I've seen this somewhere, sometime before but I can't remember how it's used and I can't find anything about it online (Probably because I don't know what to search for). So please help me understand how to use this and also if you link a reference on the official documentation that would be great.

Boolean someVal = true;
String someString = someVal .? 'a value'
// results in someString = 'a value'

Boolean someVal = false;
String someString = someVal .? 'a value'
// results in someString = null

So it looks similar or maybe exactly like this code and I think it returns a null if the condition isn't true and returns 'a value' if the condition is true. Please let me know in the comments if I need to add clarification. Thanks!

  • 4
    The syntax you're using suggests it's the new safe navigation operator
    – Derek F
    Commented Feb 23, 2021 at 20:09
  • @DerekF thanks much! That's exactly what I was looking for.
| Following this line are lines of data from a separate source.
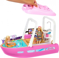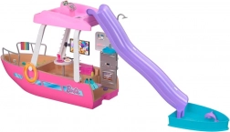 Dieses stylische Boot mit den Abmessungen von ca. 91 cm Breite und 30 cm Höhe bietet viel Platz für Puppen und ihre Freunde. Kinder können das Boot auf dem Oberdeck steuern, in der Sonne entspannen und über die lila Rutsche direkt in den blauen Pool rutschen. Das abnehmbare Oberdeck gibt den detailliert gestalteten Innenraum für einfaches Spielen frei.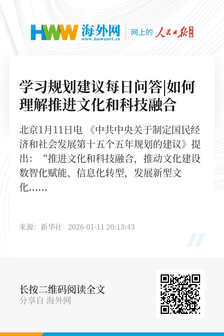 新华社北京1月11日电 《中共中央关于制定国民经济和社会发展第十五个五年规划的建议》提出:“推进文化和科技融合,推动文化建设数智化赋能、信息化转型,发展新型文化业态。”这是在新一轮科技革命和产业变革加速突破的形势下,推动文化高质量发展、建设社会主义文化强国的重要举措。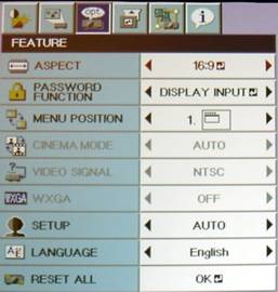 2. Bedienung Weiterhin nicht verändert hat sich die bewährte Menüstruktur, die schon seit Generationen aus einer vertikalen Anordnung von Symbolen und Beschriftungen besteht. Lediglich die Anordnung der Parameter ist hier mehr auf Business-Anwendungen ausgelegt, als auf Heimkino.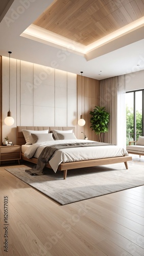 Modern bedroom with natural light and wood accents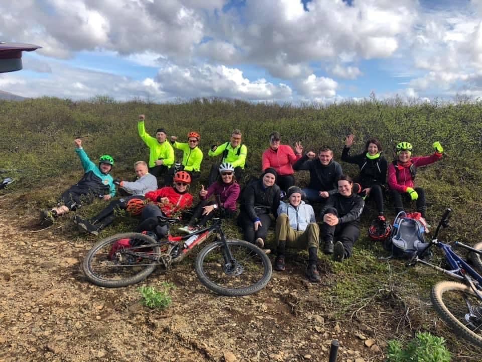 Lukkulegur hjólreiðahópur í júní 2020 eftir árlega Skarðsheiðarför. Hefð hefur verið að fara fyrsta laugardag í júní ár hvert og hjólað Skarðsheiðina. Stefnt er að því að fara 4. júní næstkomandi og verður það fimmta árið í röð sem það verð. Ljósm. aðsend.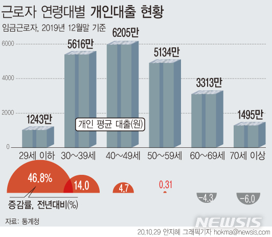 [세종=뉴시스] 박영주 기자 = 지난해 말 기준 월급쟁이들이 평균 4245만원의 빚을 지고 있는 것으로 나타났다. 빚이 가장 많은 연령대는 40대로 6000만원을 넘어섰으며 청년층(29세 이하) 대출증가율도 50%에 육박했다.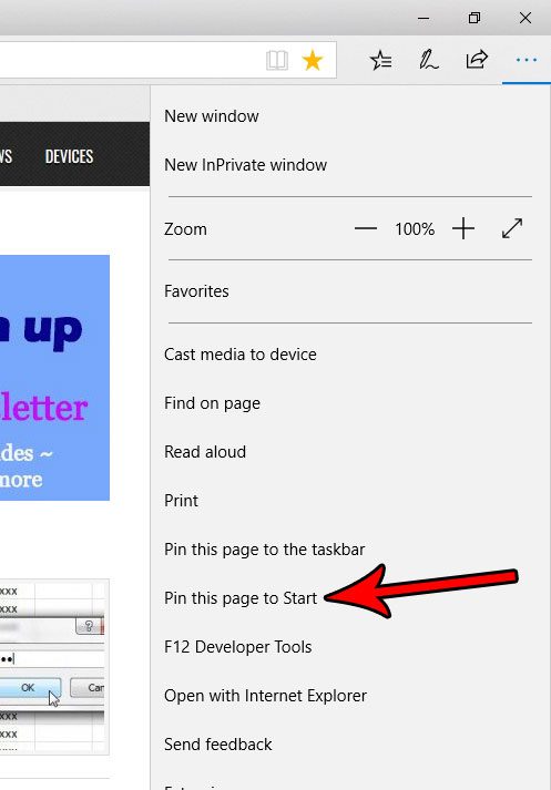 本文中的步驟將向您展示如何使用 Microsoft Edge Web 瀏覽器中的一項功能,您可以將特定網頁固定到“開始”菜單。 “開始”菜單是屏幕左下角的 Windows 徽標,單擊該菜單即可啟動程序。您固定到“開始”菜單的網頁將位於菜單底部、“開始”菜單右側磁貼之間。

Would you mind posting your answer so I can select it?
    – Bahman.A
    Commented Feb 23, 2021 at 20:11

1 Answer 1


The thing you're looking for is the safe navigation operator introduced in Winter '21 (API v50.0)

It's the reverse of what you thought it was, ?., and it helps us deal with nulls in a very compact fashion (as opposed to the previous null checks that we had to pepper all over the place).

Both of your examples would end up holding 'a value', because the variable you're testing has a defined value (false != null).

If that's not quite what you're looking for, then the next match would be the standard ternary operator, which has a syntax of <boolean expression> ? <value if true> : <value if false> such as Integer myInt = (2 + 2) > 3 ? 1 : -1;.